Wilcoxon test statistic & P-value (Columns 2 & 3): These two values indicate the level of association of each TR under the background of all other TRs. For each TR, we use Wilcoxon rank-sum test to compare the association scores from all ChIP-seq datasets for that regulator with the association scores from all ChIP-seq datasets for other TRs.
Z-score (Column 4): This value is to assess the specificity of each TR compared with a background model. We build up background models using the Wilcoxon test statistics obtained from all annotated gene sets from the Molecular Signatures Database (MSigDB) for the Genelist mode or all H3K27ac ChIP-seq datasets from the data compendium for ChIP-seq data mode, respectively.
Max AUC (Column 5): The maximum association score among multiple ChIP-seq datasets of that TR.
Relative Rank (Column 6): The average rank of Wilcoxon test statistic, Z-score and maxAUC for each TR, divided by the total number of TRs.
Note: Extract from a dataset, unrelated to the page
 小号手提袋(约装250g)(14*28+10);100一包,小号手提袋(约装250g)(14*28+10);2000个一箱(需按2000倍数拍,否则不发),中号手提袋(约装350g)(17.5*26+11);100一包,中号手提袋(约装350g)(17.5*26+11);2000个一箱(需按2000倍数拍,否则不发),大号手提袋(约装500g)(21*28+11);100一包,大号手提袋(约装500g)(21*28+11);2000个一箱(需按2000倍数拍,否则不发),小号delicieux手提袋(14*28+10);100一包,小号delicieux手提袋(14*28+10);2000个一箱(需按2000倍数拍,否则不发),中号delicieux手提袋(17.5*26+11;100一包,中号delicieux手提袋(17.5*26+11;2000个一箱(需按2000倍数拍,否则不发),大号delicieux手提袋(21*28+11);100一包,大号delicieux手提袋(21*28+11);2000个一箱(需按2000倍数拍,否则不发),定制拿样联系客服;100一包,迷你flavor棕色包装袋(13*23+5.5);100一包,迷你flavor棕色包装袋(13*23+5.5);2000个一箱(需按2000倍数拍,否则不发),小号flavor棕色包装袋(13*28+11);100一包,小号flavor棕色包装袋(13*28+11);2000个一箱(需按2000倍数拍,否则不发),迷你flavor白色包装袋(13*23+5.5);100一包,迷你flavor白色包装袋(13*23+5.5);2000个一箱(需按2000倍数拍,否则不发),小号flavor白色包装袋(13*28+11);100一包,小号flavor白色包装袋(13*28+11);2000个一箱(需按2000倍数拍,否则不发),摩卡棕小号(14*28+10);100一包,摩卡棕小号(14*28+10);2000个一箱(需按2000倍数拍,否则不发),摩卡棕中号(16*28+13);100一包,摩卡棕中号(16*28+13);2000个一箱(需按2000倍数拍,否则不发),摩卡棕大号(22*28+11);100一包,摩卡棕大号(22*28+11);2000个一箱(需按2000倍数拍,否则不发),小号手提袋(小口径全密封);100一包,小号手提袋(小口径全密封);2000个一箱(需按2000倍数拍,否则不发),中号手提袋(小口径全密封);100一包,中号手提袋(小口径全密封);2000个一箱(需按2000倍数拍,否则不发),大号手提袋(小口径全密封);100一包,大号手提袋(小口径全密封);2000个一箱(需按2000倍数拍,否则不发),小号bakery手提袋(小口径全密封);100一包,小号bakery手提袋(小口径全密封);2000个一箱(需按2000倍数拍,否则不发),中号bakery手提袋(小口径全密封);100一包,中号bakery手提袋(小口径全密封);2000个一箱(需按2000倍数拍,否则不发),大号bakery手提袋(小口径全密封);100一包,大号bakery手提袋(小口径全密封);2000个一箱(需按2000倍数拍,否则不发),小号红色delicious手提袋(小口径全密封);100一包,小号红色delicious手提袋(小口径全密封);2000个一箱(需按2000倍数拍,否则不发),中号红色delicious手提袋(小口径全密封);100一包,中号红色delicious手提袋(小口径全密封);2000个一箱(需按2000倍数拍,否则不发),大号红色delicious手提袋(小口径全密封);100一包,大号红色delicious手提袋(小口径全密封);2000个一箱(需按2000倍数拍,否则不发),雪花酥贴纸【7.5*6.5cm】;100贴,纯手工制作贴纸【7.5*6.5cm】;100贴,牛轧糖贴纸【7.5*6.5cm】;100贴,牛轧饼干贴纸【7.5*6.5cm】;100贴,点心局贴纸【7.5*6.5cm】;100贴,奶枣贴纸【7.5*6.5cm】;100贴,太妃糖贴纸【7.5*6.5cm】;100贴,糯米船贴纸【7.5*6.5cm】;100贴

Irwin-Hall P-value (Column 7): This P-value indicates the integrative rank significance, using the Irwin-Hall distribution as the null distribution for unrelated ranks. One can use 0.01 as a threshold for significant TR identification.
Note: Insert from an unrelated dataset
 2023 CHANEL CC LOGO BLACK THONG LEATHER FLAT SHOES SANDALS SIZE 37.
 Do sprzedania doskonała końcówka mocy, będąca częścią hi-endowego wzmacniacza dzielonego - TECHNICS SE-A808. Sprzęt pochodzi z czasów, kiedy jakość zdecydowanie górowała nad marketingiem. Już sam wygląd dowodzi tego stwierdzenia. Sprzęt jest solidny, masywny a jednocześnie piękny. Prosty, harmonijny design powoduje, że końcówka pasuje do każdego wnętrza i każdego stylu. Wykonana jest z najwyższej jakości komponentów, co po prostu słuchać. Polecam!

Output 2: Data files and figure images
Besides the transcriptional regulator table, other output data files are also available for download, including the predicted genomic regulatory (cis-regulatory element) profile and analysis plots for each regulator. The image files are in high resolution with publication quality.
*_adaptive_lasso_Info.txt provides regression information tells which representative H3K27ac samples are selected along with coefficients through adaptive lasso regression and sample annotations including cell line, cell type or tissue type. This is the output only generated in geneset mode.
*_CRE_prediction_lasso.txt is the predicted cis-regulatory profile of the input gene set and is a ranked list of all CREs (UDHS) in the genome. The higher the score, the more likely the regulatory element regulates the input gene set. This is the output only generated in geneset mode.
*_auc.txt provides the association score of each of the TR ChIP-seq dataset with the genome cis-regulatory profile.